One Cut of the Dead

One Cut of the Dead ★★★★

It’s not saying very much to declare Ueda Shin’ichirô’s debut feature the best zombie comedy since “Shaun of the Dead” — no disrespect to the likes of “Life After Beth” and “Scouts Guide to the Apocalypse,” but the decomposing sub-genre has been in desperate need of fresh brains ever since Edgar Wright brought it back to life. Enter “One Cut of the Dead,” a low-budget, high-concept work of tongue-in-cheek genius that not only matches the best of its predecessors, but also lovingly articulates why people are drawn to these movies in the first place.
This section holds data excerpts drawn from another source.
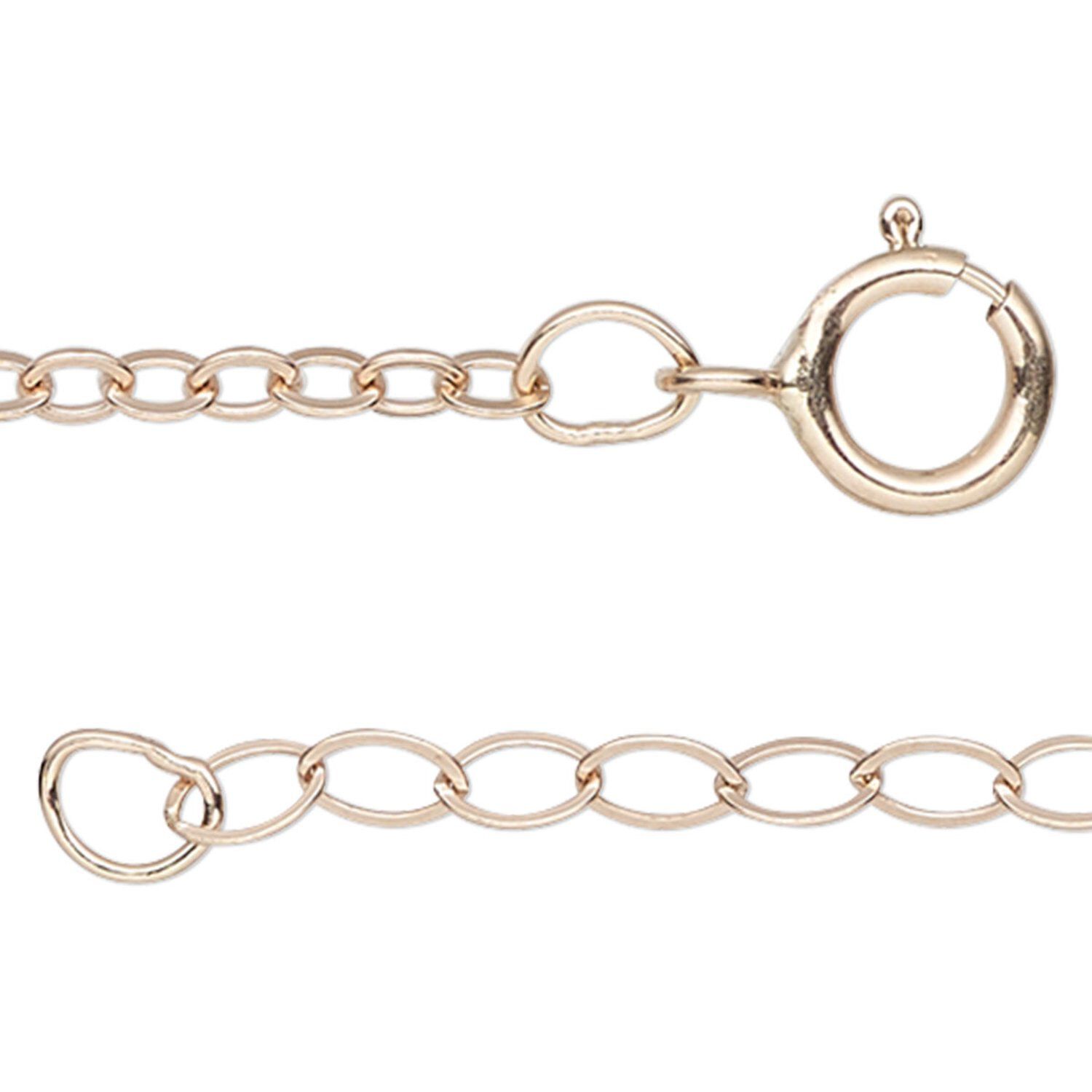 High-quality cable chain is ideal for adding charms, pendants and focals. 14Kt rose gold-filled, combining gold alloy with base metal, usually brass. Rose gold-filled has a touch of copper for a rosy gold hue for all the beauty of rose gold with the economy of gold-filled. The 2-inch extender chain and popular springring clasp offers more wearable options.
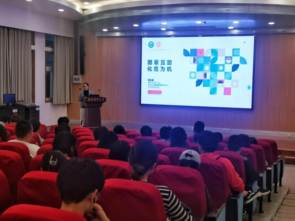 程云霞老师作了主题为“朋辈互助,化危为机”的培训,向大家介绍了学校危机干预的四级预警系统,通过实例强调了心理委员在系统中的工作职责。程云霞老师阐述了轻度抑郁、抑郁症和双相情感障碍等概念及其区别,科普了心理危机类型,并通过实际案例示范了如何在生活中准确识别危机信号并及时干预。最后,程云霞老师强调作为朋辈助人者也应该注意自我关怀。
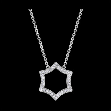 Un collana in oro bianco sottile e femminile, esaltata da un decoro stellato con un delicato pavé di diamanti. Con catenina regolabile a 42cm et 45cm.
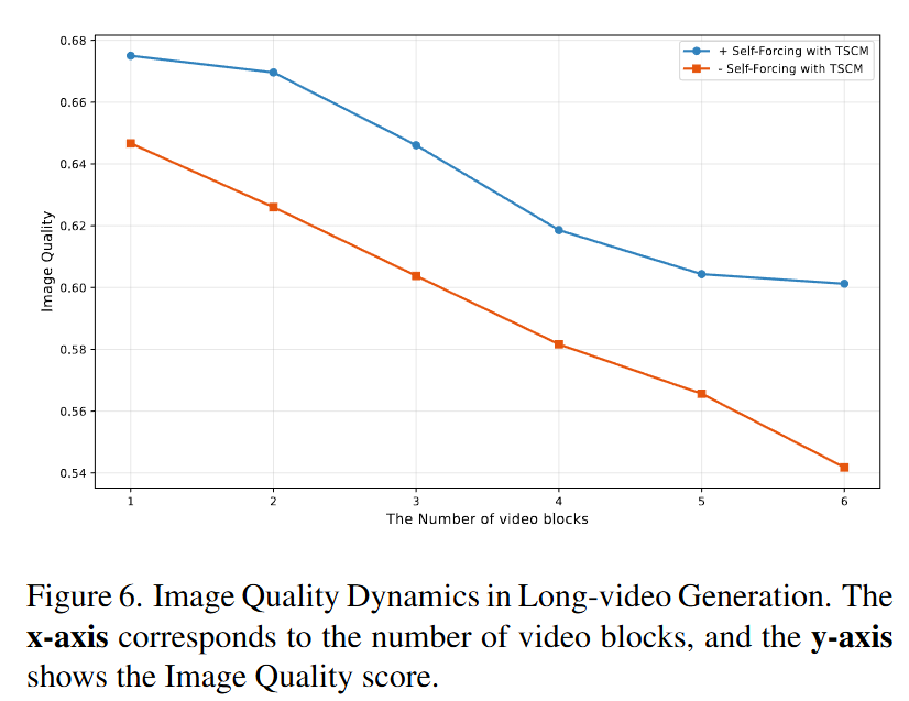 其中 是步骤 的前向扩散。与 DMD 的关键区别在于使用模型预测的数据而不是真实数据作为视频条件,从而减轻了训练-推理差异及相关的误差累积。
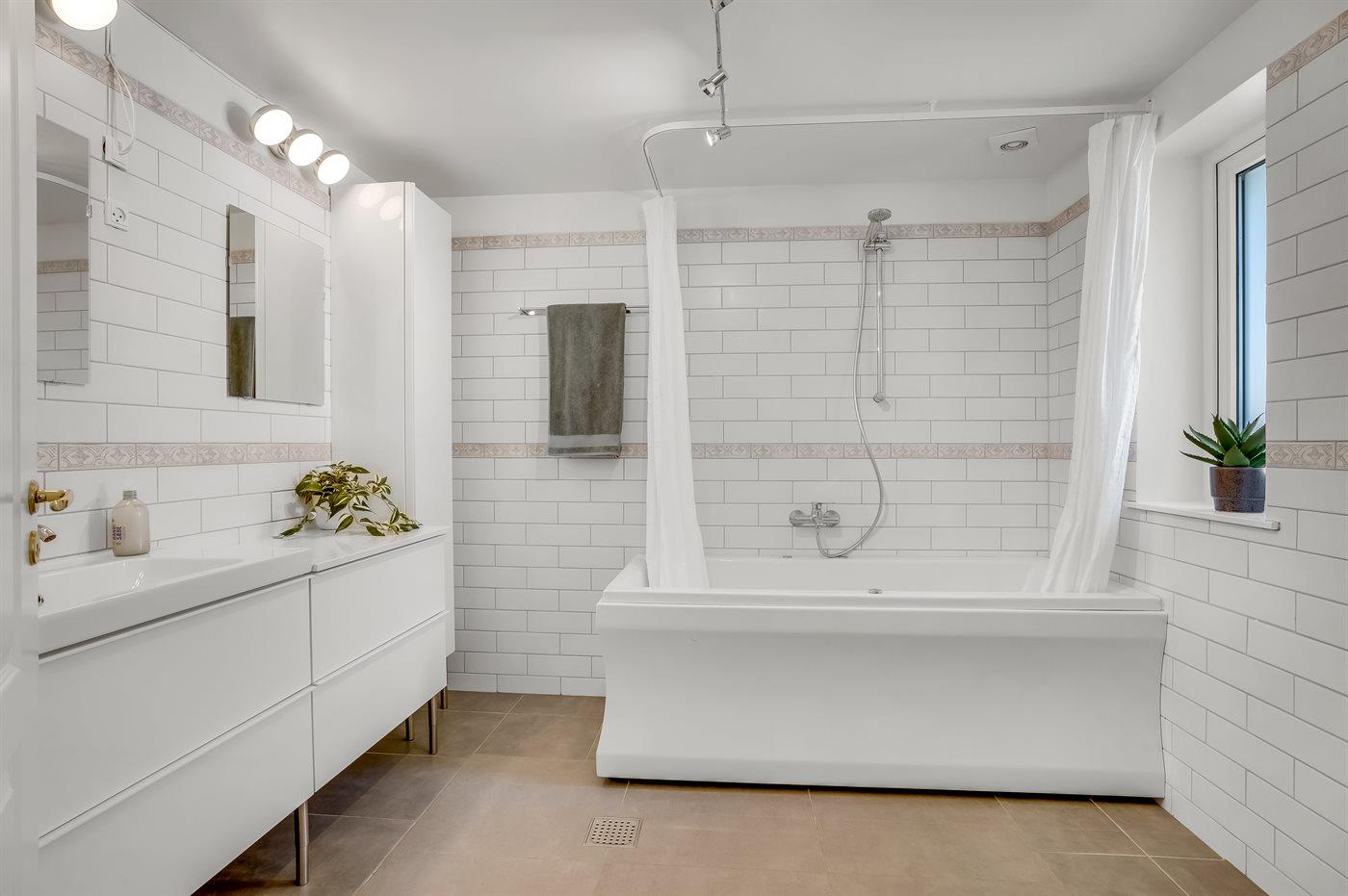 Der er 1 badeværelse med gulvvarme, badekar samt håndbruser og 1 badeværelse med gulvvarme og bruseniche.

Unfolding like some kind of unholy cross between “Day for Night” and “Diary of the Dead,” Ueda’s self-reflexive delight honors and humiliates zombie cinema in equal measure (and also in that order). The infectious fun begins with a virtuosic but strangely casual 37-minute long-take that messes with your expectations from start to finish. Somewhere in the bowels of an abandoned Japanese water filtration plant, a young man (Nagaya Kazuaki) with bloody clothes and rotting skin — his face a vintage shade of Romero green — is about to take a bite out of his rosy-cheeked girlfriend (Akiyama Yuzuki), but she doesn’t look scared enough for someone who’s about to lose her life.